The function \(f(x) = \log(1+x) - \frac{2x}{2+x}\) is increasing on

• A. \((- \infty, \infty)\)
• B. \((- 1, \infty)\)
• C. \(( \infty, -1)\)
• D. \((- \infty, 0)\)

Answer 1

The Correct Option is B

\(f(x) = \log(1+x) - \frac{2x}{2+x}\)
To simplify the expression, we can rewrite it as:
\(f(x) = \log(1+x) - \frac{2x}{2+x}\)
To find the derivative, we apply the logarithmic differentiation and the quotient rule:
\(f'(x) = \frac{1}{1+x} - 2\left(\frac{1}{2+x}\right) - 2x \left(-\frac{1}{(2+x)^2}\right)\)
Simplifying further:
\(f'(x) = \frac{1}{1+x} - \frac{2}{2+x} + \frac{2x}{(2+x)^2}\)
Now, we need to determine where \(f'(x) > 0.\)
To analyze the sign of f'(x), we can find the common denominator for the fractions:
\(f'(x) = \frac{(2+x)(2+x) - 2(1+x) + 2x}{(1+x)(2+x)^2}\)

Expanding the numerator:
\(f'(x) = \frac{4+4x+x^2 - 2 - 2x + 2x}{(1+x)(2+x)^2}\)

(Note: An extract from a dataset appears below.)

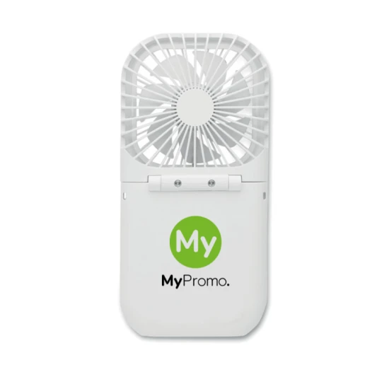 Draagbare opvouwbare ventilator met verstelbare band. 3 snelheidsinstellingen. Kan ook als bureau ventilator worden gebruikt wanneer opgevouwen. Inclusief powerbank van 3000 mAh.

\(f'(x) = \frac{x^2}{(1+x)(2+x)^2}\)
Now, let's analyze the sign of f'(x) based on the numerator and denominator.
For the numerator, \(x^2\) is always non-negative.
For the denominator, \((1+x)\) and \((2+x)^2\) are also always non-negative, except when x = -1.
Therefore, f'(x) is positive (greater than zero) when \(x ≠ -1.\)
Hence, the function \(f(x) = \log(1+x) - \frac{2x}{2+x}\) is increasing on the interval \((-1, \infty)\), which corresponds to option (B) \((-1, \infty)\).